Unsere Auswahl der Analysemethode
Im Rahmen der Machbarkeitsstudie wurden vier verschiedene Methoden zur Klassifizierung der Transaktionen untersucht: die logistische Regression, Random Forrests, AdaBoost und neuronale Netzwerke (siehe auch untenstehende Infobox). Insgesamt wurden dafür ca. 180.000 Transaktionen untersucht und die verschiedenen Lernalgorithmen wurden speziell für die neu definierten Kategorien auf den optimierten Daten trainiert. Im Ergebnis zeigten sich die drei Methoden Random Forrests, AdaBoost und neuronale Netzwerke als grundsätzlich geeignet. Die logistische Regression konnte für die weiteren Arbeiten ausgeschlossen werden.
Nach zusätzlichen Tests wählten wir AdaBoost als unseren Favoriten: Hier werden kleinere Lernalgorithmen in Serie geschaltet. Da jeder Algorithmus nur bestimmte Klassen korrekt zuordnen kann, liefert die Kombination aus mehreren Algorithmen ein optimales Ergebnis, da so auch Streuungen und Ausreißer berücksichtigt werden können.
Unser Mehrwert für den Kunden
Unsere Machbarkeitsstudie hat gezeigt, dass eine automatisierte Klassifizierung der Transaktionen möglich ist. Wenn diese Automatisierung implementiert wird, führt sie zu beschleunigten Prozessen und einer einheitlichen Klassifizierung ohne manuelle Irrtümer. Die Mitarbeiter, die derzeit für diese manuelle Tätigkeit zuständig sind, können sich dann anderen, abwechslungsreicheren Aufgaben widmen und so neue Herausforderungen angehen. Zusätzlich kann dies dem Unternehmen gegen den drohenden Fachkräftemangel helfen.

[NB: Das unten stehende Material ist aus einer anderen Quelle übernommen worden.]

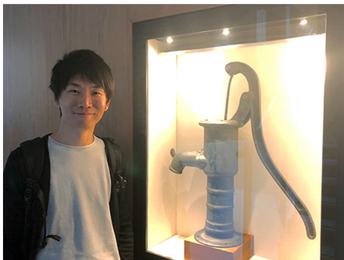
LSHTM（ロンドン大学衛生熱帯医学大学院）にて Pump handleと一緒に

一方で、「研究」のスキルについては、一度腰を据えてしっかりと学びたいという思いも強くなっていき、フェロー終了後は、グローバルヘルスの分野で著名なロンドン大学衛生熱帯医学大学院に留学することにしました。留学中は、大変ではありましたが、日本国内では目にすることのない感染症疾患や、感染症疫学、統計学、公衆衛生学、フィールドでのプロジェクトの実践、感染症疾患のコントロールなどについて多くを学ぶことができ、また世界中から集まった同級生らと貴重な時間を過ごしなが、とても実りの多い留学期間を過ごすことができました。卒業後半年もせずにCOVID-19のパンデミックが起きてしまったわけですが、この際に学んだ事は今、予想以上に役に立っています。

Info-Box für Klassifizierungsmethoden
Logistische Regression
Mit der Methode der logistischen Regression wird eine Klassifikation vorgenommen, die auf Wahrscheinlichkeiten für das Eintreten eines Ereignisses beruht. Dabei wird auf Annahmen bezüglich der Verteilung oder den linearen Zusammenhang der unterschiedlichen Gruppen verzichtet.
Random Forrest
Alle Entscheidungsbäume, die Teil der Random Forrests sind, wachsen während eines Lernprozesses unter Verwendung eines Zufallsmechanismus. Jeder Baum trifft zu einem Problem eine Entscheidung und die Klasse mit den meisten Stimmen gewinnt.
AdaBoost
Kleinere Lernalgorithmen werden in Serie geschaltet. Dadurch ist diese Methode sensitiv gegenüber Streuungen und Ausreißern. Da jeder Algorithmus unterschiedliche Klassen besser zuordnen kann, liefert ihre Kombination ein besseres Ergebnis.
Neuronales Netzwerk
Nach dem Modell des Gehirns werden Neuronen oder Nodes in einem Netzwerk angeordnet. Durch ein Training mit Referenzdaten kann das Netzwerk selbstständig die Klassifikation von Daten erlernen. Für diesen Trainingsprozess sind große Datenmengen erforderlich.